I might start doing it - instead of trying to think of large topics to write,
just describe results of any research I needed to do where I had trouble
finding reasonable answers. Not for fame or SEO - but as a service to random
strangers. Judging by unending stream of searches for over 10 years, I suspect
that this post about keyboard layouts/language switch is the single most
useful thing I've done in my entire life.

(As context for non-Americans: language & keyboard layout switches are all too
easy to hit by accident, and suddenly your keyboard "isn't typing" some
characters, or swaps Z and Y, or whatnot. This doesn't go away on restart (or
at least it didn't use to), and completely confuses regular people, making
them think their computer is broken. Those non-tech-savvy people usually
resort to manually copy-pasting problematic characters from a file or from a
website whenever they want to type them. You can imagine the impact on
productivity and sanity, particularly at work.)

(And I just can't fathom how this is still a problem in 2020. Microsoft, WTF?)

\--

[0] - I don't use Analytics or any other tracking script on my site.

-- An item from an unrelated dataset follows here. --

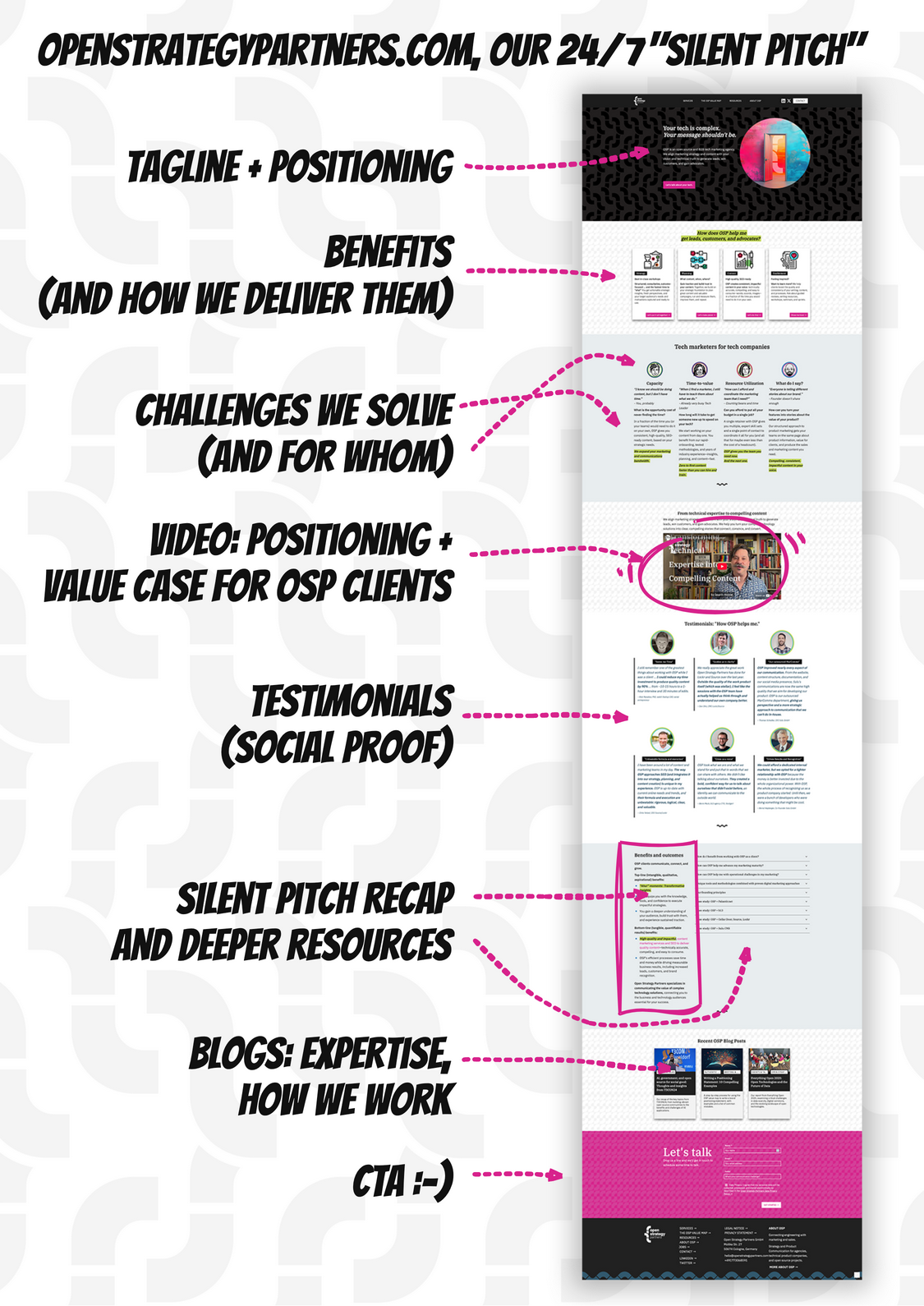 This idea came from a moment of internal clarity. My co-founder Tracy once said, "We’re not making any more pitch decks." At first, I was skeptical—how can you pitch without a deck? But she was right: our homepage already tells the story. It works 24/7, reflects our process, and links to deeper content. If we structure it like a pitch, anyone can use it to sell OSP anytime. And prospects who arrive there can move themselves further down the funnel before we even talk.
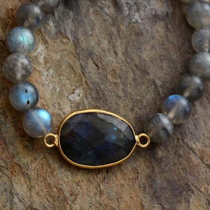 Labradorite is a beautiful gemstone that symbolizes transformation. The changing colors within the stone represent the journey we all take to discover who we truly are. When labradorite is worn, it is believed to invite positivity into the soul and enhance inner strength.

Search
Console gives you access to data on performance of your site on Google's
search engine, and includes the only two things I ever cared about wrt. any
analytics - how do people end up on my site, and what posts do they visit.)

------
Lammy
Here’s a good example of this that I ran into recently: I was searching for
software to display pictures as post/page content on my static Jekyll website
with automatic handling of thumbnails, multiple type conversion (e.g. to
WebP), and all that fun stuff. What I found was a fairly even split between
people who call them “pictures”, people who call them “photos”, and people who
call them “images”, and in a way that seems like the three groups rarely
cross-pollinate!

I ended up disliking all the software I found and wrote my own (as one does),
but then when it came time for a README i made sure to use all those terms and
even provide links to the other projects I found in case those links help
somebody who ends up preferring one of them to mine:
[https://github.com/okeeblow/DistorteD](https://github.com/okeeblow/DistorteD)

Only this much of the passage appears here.